Сначала она выбирала объект – разумеется, недосягаемый. Я не раз предлагала ей послать к черту реальную жизнь и посвятить в рыцари сердца кого-нибудь не вполне настоящего, какую-нибудь знаменитость (лучше всего давно умершую, например, Рудольфо Валентино) или вовсе героя кино. Проку было бы больше – они обеспечивали бы желанную меланхолию, не выкидывая коленца. Как прекрасен был бы в этой роли Атос. Или Мерлин. Или Мцыри – в нашей хрестоматии по литературе была такая волнующая иллюстрация, на которой он, мускулистый, темнокудрый и полуобнаженный, сражается с барсом. Ну чем он хуже тех идиотов, по которым страдала Лека, чем?

– Твоя Лека – энергетический вампир, – сказала однажды Лу.

– Это еще почему? – Я удивилась, потому что безобидная тихая подруга менее всего ассоциировалась с расчетливым и хитрым кровососом.

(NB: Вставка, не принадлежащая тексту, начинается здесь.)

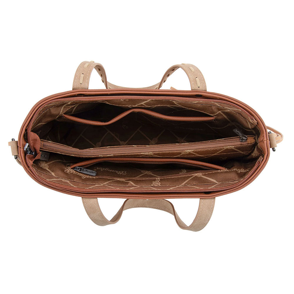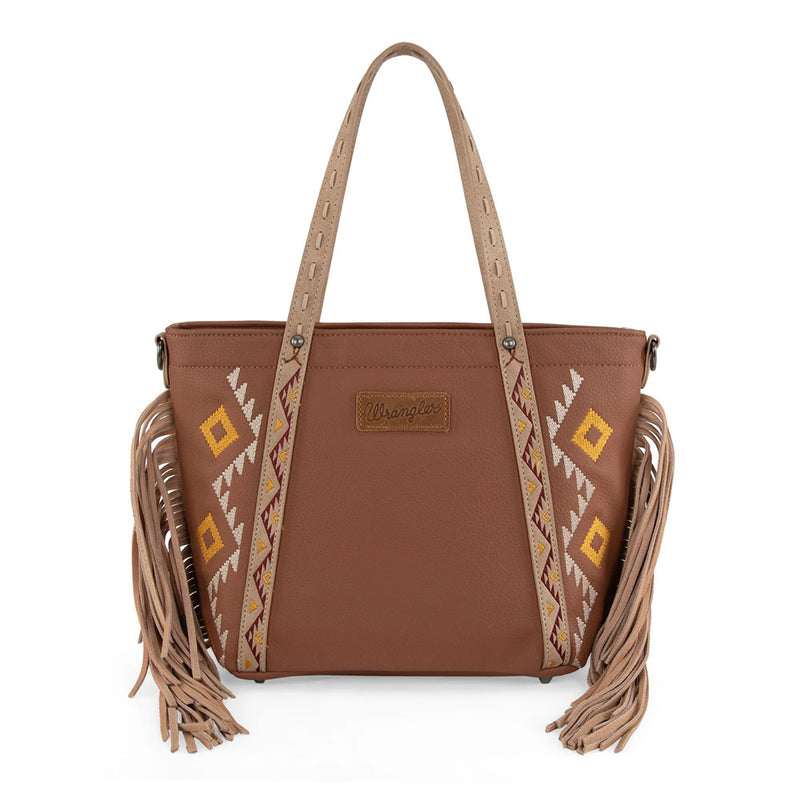 WG233-2009 Wrangler Aztec Embroidered Tote Crossbody Bag - Light Brown
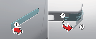 If the door is closed with strong force or the outside door handle is pulled at high speed, the safety device inside the outside door handle is activated and the door may not be opened even if the door handle is pulled.

– Потому что любовь означает отдавание. Если ты не готов отдать себя, значит, не любишь, а пользуешься.

– Мне кажется, Лека почку готова отдать, если кто-то пригласит ее на «медляк», – хмыкнула я.

– Почку каждый дурак отдать может, – поразила меня Лу, ход мыслей которой всегда меня завораживал. – Отдать почку – это одноразовое геройское решение, которое не требует долгой духовной работы. Принял решение – и все, дальше ты пассивный элемент. А чтобы научиться отдавать себя целиком, надо работать постоянно. Ведь от природы мы такие эгоисты.

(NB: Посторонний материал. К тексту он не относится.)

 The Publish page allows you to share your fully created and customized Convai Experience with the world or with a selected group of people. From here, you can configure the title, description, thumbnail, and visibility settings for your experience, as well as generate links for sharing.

– И в чем же заключается эгоизм конкретно Леки? – все еще не понимала я.

– Да твоей Леке от этой так называемой любви нужно одно – получить пощечину, гордо удалиться и жевать сопли в самом любимом ее состоянии – тоске. Это ее наполняет и питает. Она бывает счастливой, только когда чувствует себя ненужной. Ей вовсе не требуется обратная реакция. Ни возвышенное восхищение, ни потные обжималочки в подъезде.

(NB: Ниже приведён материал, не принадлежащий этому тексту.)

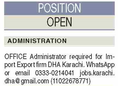 Office Administrator & Administrator Jobs 2021 In Karachi
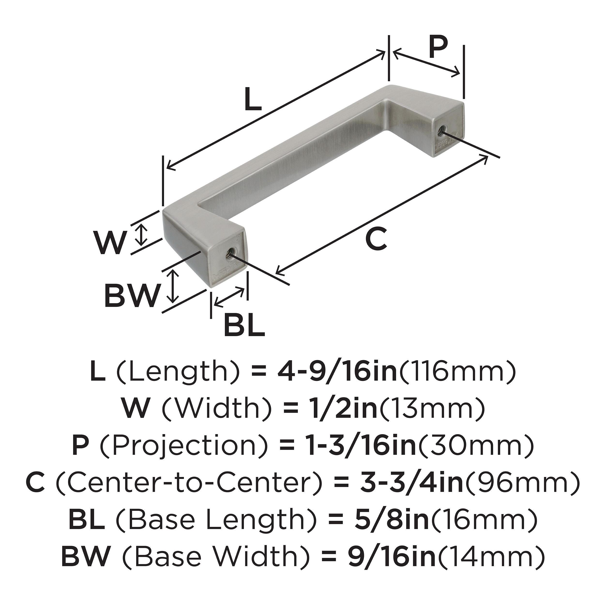 The Amerock Blackrock 3-3/4 in. Center-to-Center Satin Nickel Cabinet Pull is finished in satin nickel satin. Inspired by hard, geometric lines, the Blackrock collection's simple shapes make a lasting impression.
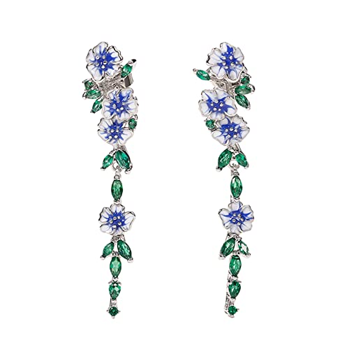 Sbyhbhyds Natural Long Earrings Female Temperament Summer Oil Drop Flower Zircon Earrings Elegant Accessories Valentine's Earrings (Navy, One Size)

– Не знаю… – засомневалась я. – Но она такие стихи пишет… То есть убогие, конечно… Но о том, как она хочет, чтобы ОН ее обнял, прижал к могучей груди… Хотя у Витьки, по которому она сейчас страдает, грудь как раз впалая.

– Это часть программы, – улыбнулась Лу, закуривая. – Писать стихи о том, что ты чего-то желаешь, вовсе не значит желать этого по-настоящему. Более того, я уверена, что, если ОН таки прижмет ее к могучей груди, Лека сбежит в панике, роняя тапочки, а потом ее будет долго тошнить от отвращения… Поэтому из чувства самосохранения она выбирает тех, кто уж точно никогда так не поступит.

– А в чем вампиризм? Ты сказала, что она как энергетический вампир. Кому она делает плохо? Страдает себе тихонько в уголке. Разве что меня иногда достает, но я привыкла и не жалуюсь.

– Слушай, дочь, а ты думаешь, что это приятно, когда тебя преследуют? Ходят за тобой, смотрят коровьим взглядом, краснеют, если ты пытаешься заговорить, пишут тебе дурацкие анонимные записки? Лека же в угол их загоняет, «рыцарей сердца», как ты выражаешься. Она заставляет бедных мальчиков реагировать. Проявлять агрессию. Может быть, для них это сложно. Но она не оставляет выбора. Манипулятор и вампир.

Я была вынуждена с ней согласиться.

Навязчивость Леки никогда не выражалась в агрессии. Она бы никогда не осмелилась на действие, хотя я сотни раз предлагала ей взорвать привычную меланхолию безответной любви хоть подобием фейерверка – написать любовное послание, пригласить ЕГО на белый танец школьной дискотеки – все, что угодно. Но Лека предпочитала молча таращиться на того, чей образ не давал ей засыпать, не намочив слезами наволочку. Ей нравилось постоянно держать объект в поле зрения. Словно детектив из дурного кино, она плелась за избранником по школьным коридорам, подсматривала за ним из-за угла, в столовой садилась так, чтобы стол возлюбленного находился перед ее глазами.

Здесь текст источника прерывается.